Aussitôt, le Drac tira la chaîne dorée, et ramena sa prisonnière au château.

Depuis le coucher du soleil, le Fils du Roi de France, tout seul dans sa chapelle, pria Dieu jusqu’à la pointe de l’aube. Alors, il se choisit une hache large et tranchante, détacha son grand cheval, lui mit la bride et la selle, et regarda loin, bien loin sur la mer.

À la même heure, la Belle Jeanneton se levait, pour cueillir, dans le jardin du château, la fleur rouge, la fleur de mer, qui ressuscite les morts.

— « Adieu, Drac. Je vais me promener sur la mer. Quand je serai lasse, je dirai :

« Drac, tire la chaîne,
Dans la mer m’emmène. »

La Belle Jeanneton partit, avec sa robe couleur du soleil, avec sa couronne d’étoiles, avec sa fleur rouge, la fleur de mer, qui ressuscite les morts.

Du plus loin qu’il l’aperçut, le Fils du Roi de France saisit sa hache large et tranchante, sauta sur son grand cheval, et se tint prêt à marcher.

À cent pas du bord, la Belle Jeanneton s’arrêta.

Hardi ! Le Fils du Roi de France poussa son grand cheval dans la mer, saisit la Belle Jeanneton par la ceinture, brisa la chaîne dorée d’un seul coup de hache, et repartit au grand galop.

Mais le Drac se méfiait. Sur la secousse de la chaîne dorée, il partit. Il partit sur la mer, secouant les vents et l’orage, cent fois plus vite qu’un éclair.

Rien n’y fit. Le Fils du Roi de France était à terre, avec la Belle Jeanneton. À terre, finit le pouvoir du Drac.

— « Merci, Fils du Roi de France. Je te connais. Toi, tu ne me connais pas. Je suis la Belle Jeanneton.

— Tu es la Belle Jeanneton ! Valets, vite, un peigne. Vite, une aiguière. »

Les valets obéirent.

La Belle Jeanneton se peigna. De ses cheveux, le blé tomba par boisseaux.

La Belle Jeanneton se lava les mains. De ses doigts, les doubles louis d’or et les quadruples d’Espagne tombèrent par douzaines.

— « Belle Jeanneton, je suis amoureux fou de toi. Veux-tu de moi pour mari ?

— Fils du Roi de France, pour me marier, il faut le consentement de mes deux frères.

— Malheur ! Tes deux frères gisent dans un cachot noir, rongés des vers et des rats.

— Fils du roi de France, mène-moi dans le cachot noir. »

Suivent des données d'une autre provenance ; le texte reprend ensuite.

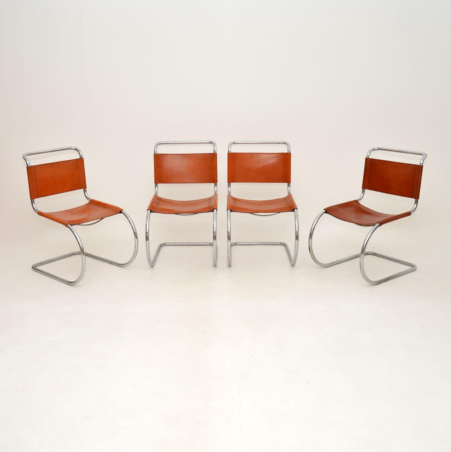 Set of Four Vintage Leather & Steel Mr10 Chairs by Mies Van Der Rohe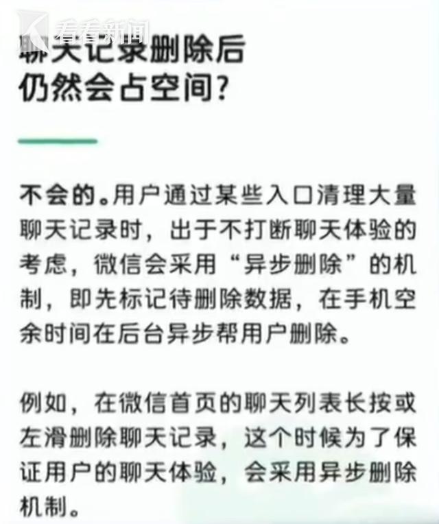 但也有人发现,即使删除了聊天记录,微信占用的存储空间可能不会马上减少。对此,微信解释说,为了不打断用户正常聊天体验,它们采用的是异步删除机制。简单说,真正的清理操作,并不是立即执行,而是会在手机空闲时在后台完成。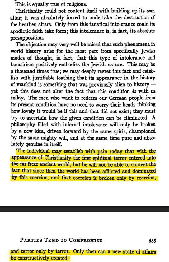 In his autobiography, Hitler claims that the appearance of Christianity was "the first spiritual terror" that entered a "far freer" pagan ancient world (Mein Kampf, Manheim, Houghton Mifflin, Boston 1943, pp. 454-455).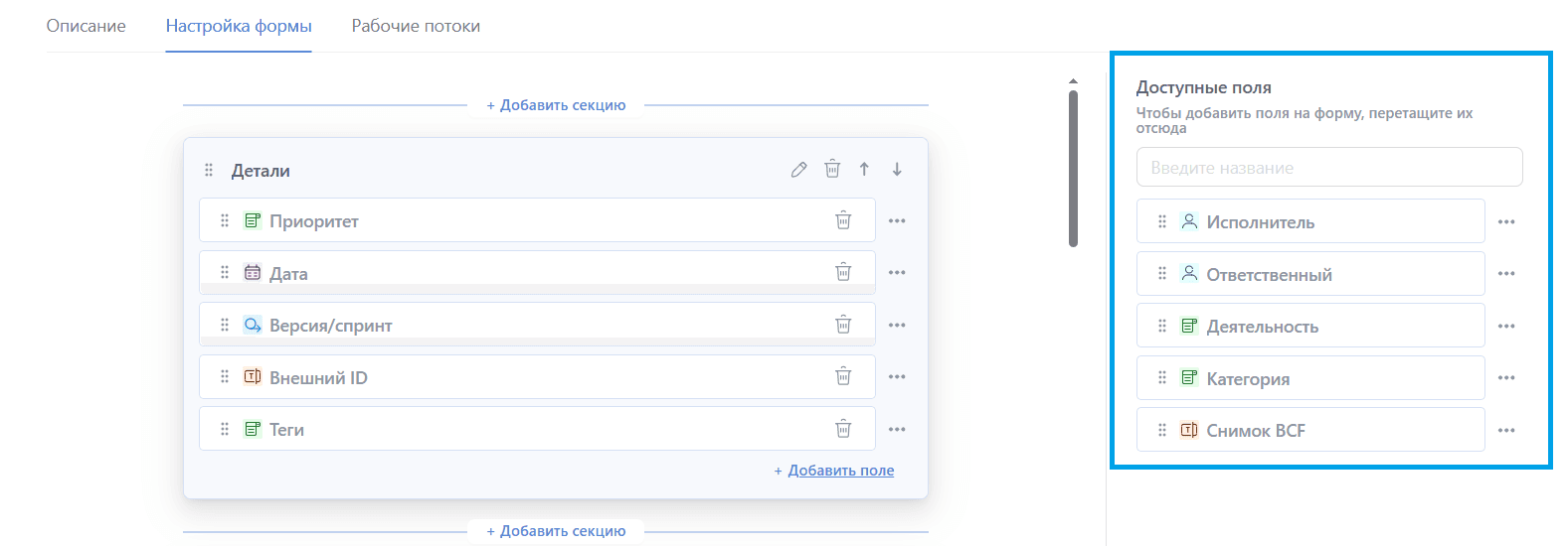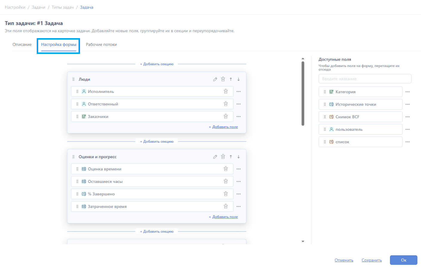 Настройте секции и поля для типа задачи во вкладке "Настройка формы". Добавляйте, удаляйте и настраивайте секции и поля — именно в том порядке, в котором они должны отображаться у ваших пользователей.

Le Fils du roi de France obéit. Alors, la Belle Jeanneton toucha ses deux frères avec la fleur rouge, avec la fleur de mer qui ressuscite les morts. Aussitôt, la fleur se flétrit ; mais les deux frères se relevèrent, forts et hardis.

— « Mes frères, voulez-vous du Fils du Roi de France pour mon mari ?

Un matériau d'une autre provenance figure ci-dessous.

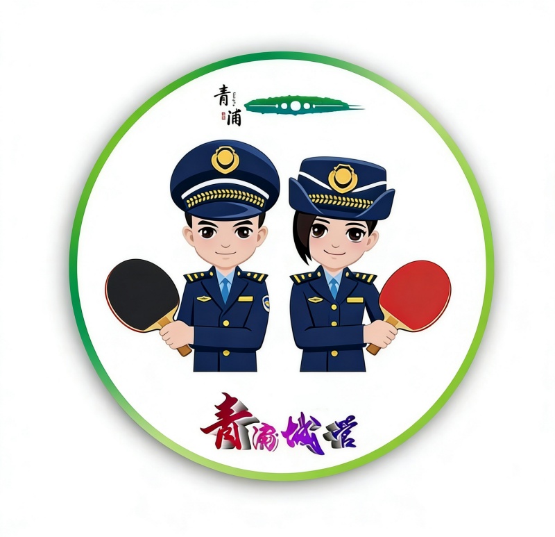 队名:青浦城管蓝乒乓球队 口号:执法为民守初心,乒搏向上践使命 队徽: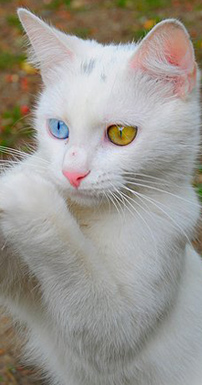 У Золотинки красивая и необычная внешность!)))У кошки белая ,гладкая шерсть, за которой Золотинка тщательно следит и регулярно чистит. Также у нее есть белые ушки, которые все время стоят торчком, так как Золотинка всегда настороже. Нежные и мягкие лапки, пушистый хвостик, вот такая она вся белая и пушистая. Но это только с виду. Кошка хрупкая, но главное ее преимущество-это ловкость. Золотинка очень ловкая и гибкая, поэтому ее внешность обманчива для противника. Также у кошки очаровательные глазки: один голубенький, а другой желтенький.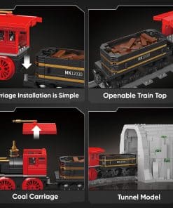 Una versión de modelo de la locomotora de vapor americana rápida y potente de la época de la era del vapor. Incluye túnel de montaña, control remoto y módulo de energía de la batería de litio. Constrúyelo para demostrar verdadera y perfectamente el funcionamiento de un automóvil a vapor. Perfecto para niños y niñas a los que les gustan los trenes, así como un imprescindible para los entusiastas de los ferrocarriles que aprecian las locomotoras clásicas y buscan un nuevo pasatiempo.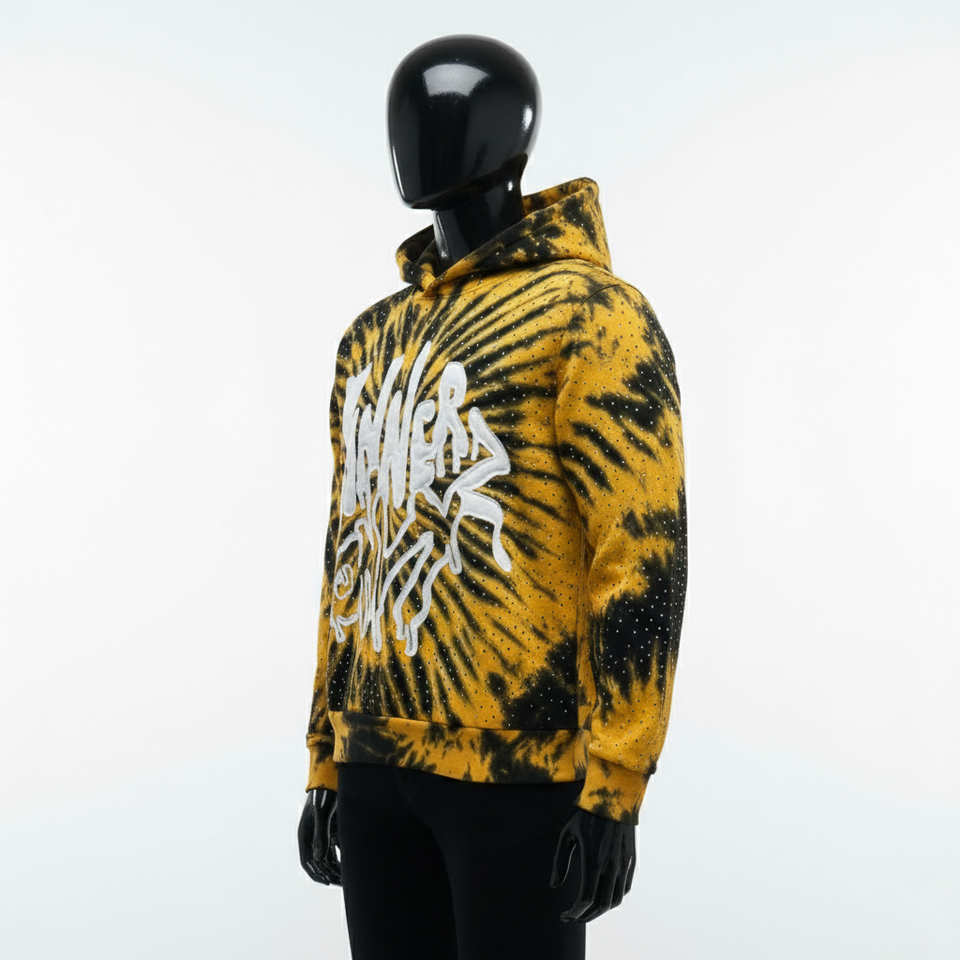 ผู้ผลิตเสื้อฮู้ดดี้สตรีทแวร์โอเวอร์ไซส์ผ้าฝ้ายหนานุ่มประดับเพชรเทียมสไตล์ดิสเทรส งานปักคุณภาพสูง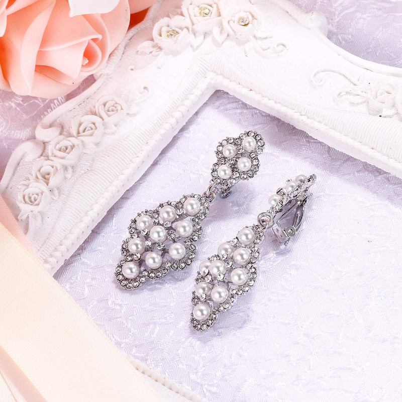 Clearine Pearl Clip On Earrings Without Pierced Ears Crystal Simulated Pearl Elegant Vintage Hollow Chandelier Dangle Clips On Earrings, Crystal Alloy Steel, Artificial pearls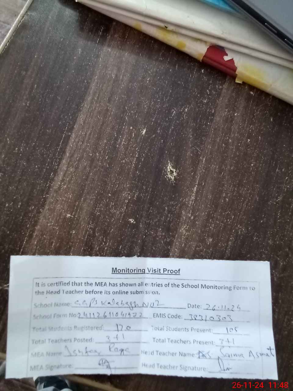 | EMIS Code: 38310303 | Name of School: GGPS NO. 2 KALA BAGH | |||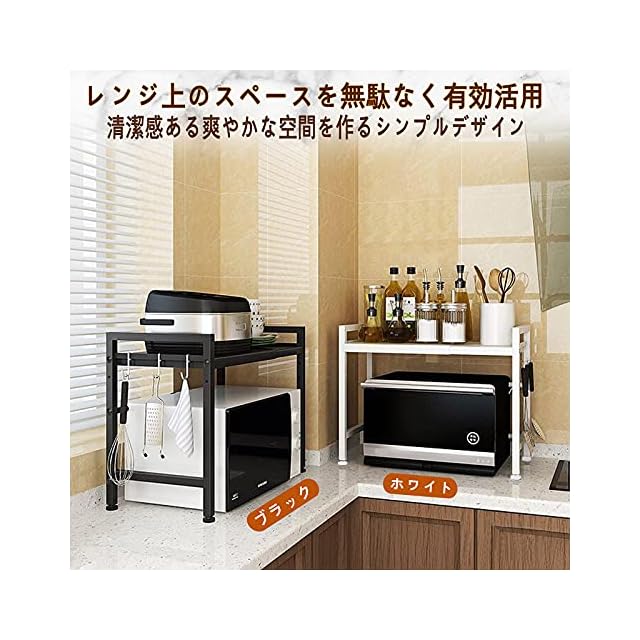 商品名:GAWOOW レンジ上ラック レンジラック 伸縮式 棚板高さ調節可 (ブラックA, 高さ: 44.5cm)

— Petite sœur, nous le voulons. »

Ce même jour, le Fils du Roi de France épousa la Belle Jeanneton. Ils vécurent longtemps heureux[3].

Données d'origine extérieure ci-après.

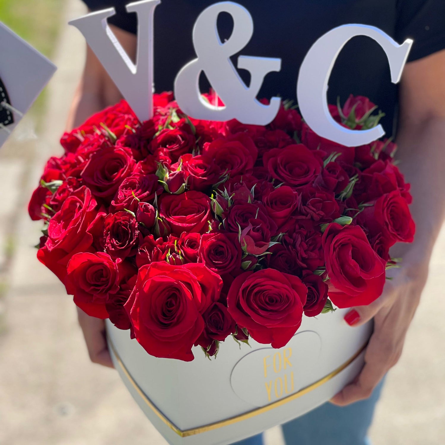 Red Roses in a heart box with monogram (2 letters and a sign & included in a price). Write your letters in comments during check out. Size L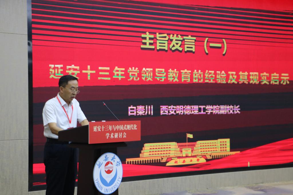 为深入学习贯彻党的二十届三中全会精神,加强对中共中央在延安十三年的奋斗历程与中国式现代化历史基因的研究,9月21日,由陕西省社会科学界联合会和延安大学联合主办的“延安十三年与中国式现代化学术研讨会”在延安举办。来自全国25所高校180余名学者参加了会议。beat365受邀参加会议,由学校副校长白秦川带队,马克思主义学院副院长惠斌及张启云、杨继顺、赵效民、杜玲玉、柳锐敏、王雪、李文彬等思政课教师参加。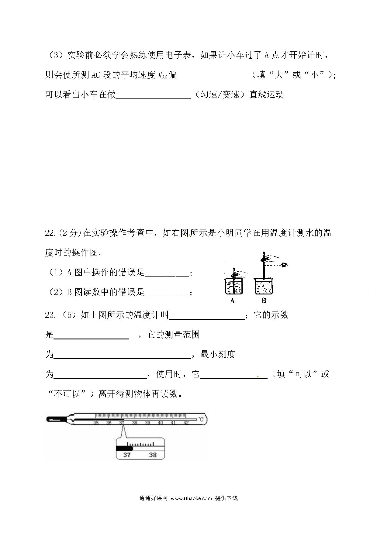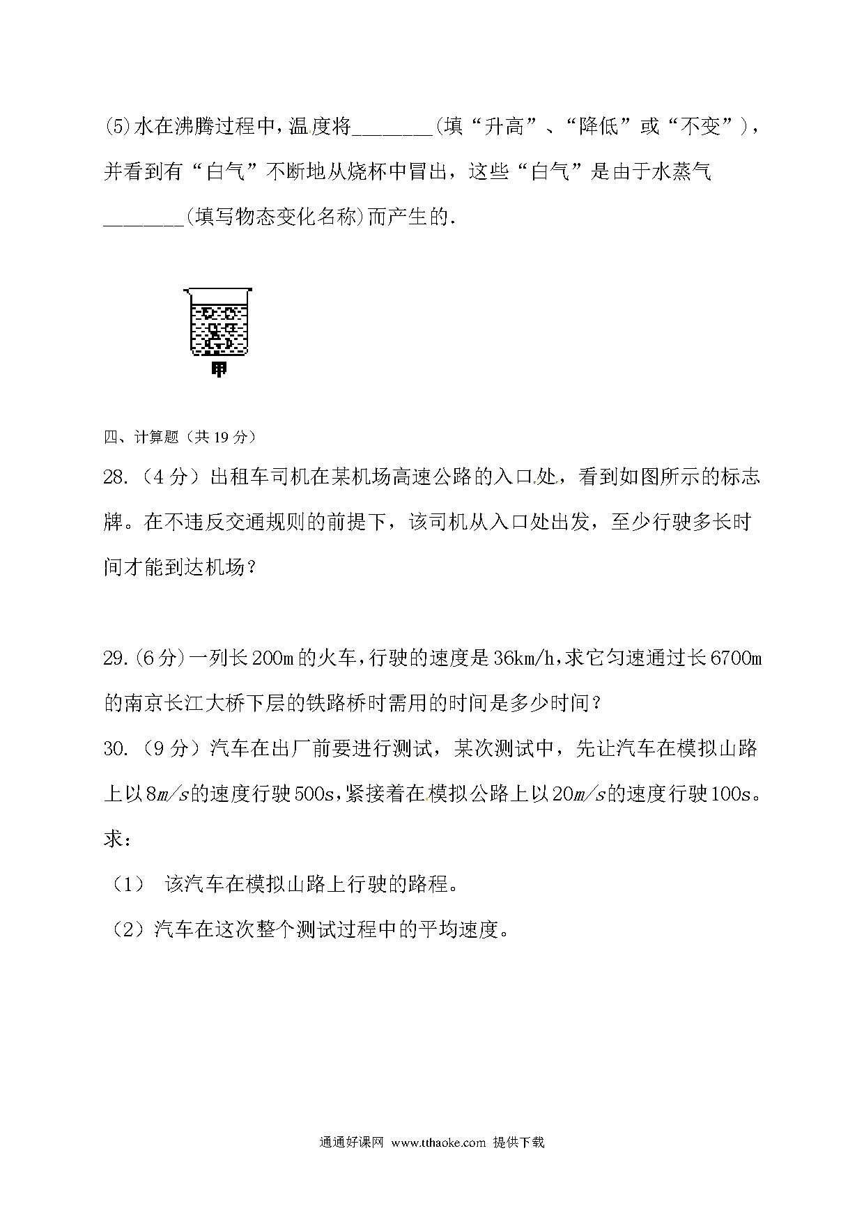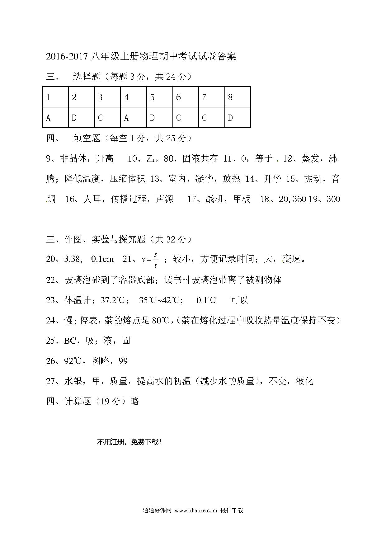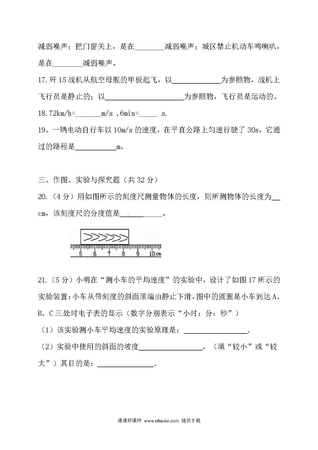 2017.11八年级物理期中考试试卷及答案

  1. En gascon, cela forme deux vers :

    Drac, tiro la cadeno,
    Dens la mar m’ameno.

    J’ai observé que Mademoiselle Victorine Sant, la jeune fille, de qui je tiens ce conte, dit constamment mar, qui est le mot provençal et languedocien, et non ma, qui est le terme gascon. Mademoiselle Sant est de Sarrant (Gers), sur les confins du Languedoc et du Bas-Quercy.

  2. En gascon, cela forme quatre vers :

    Lou Drac m’a panado.
    P’ou pè gauch m’a estacado
    Damb’uo cadeno daurado.
    Douman que serèi tournado.

  3. Dicté par Mademoiselle Victorine Sant, de Sarrant (Gers), âgée de vingt ans, et pourvue de l’instruction primaire.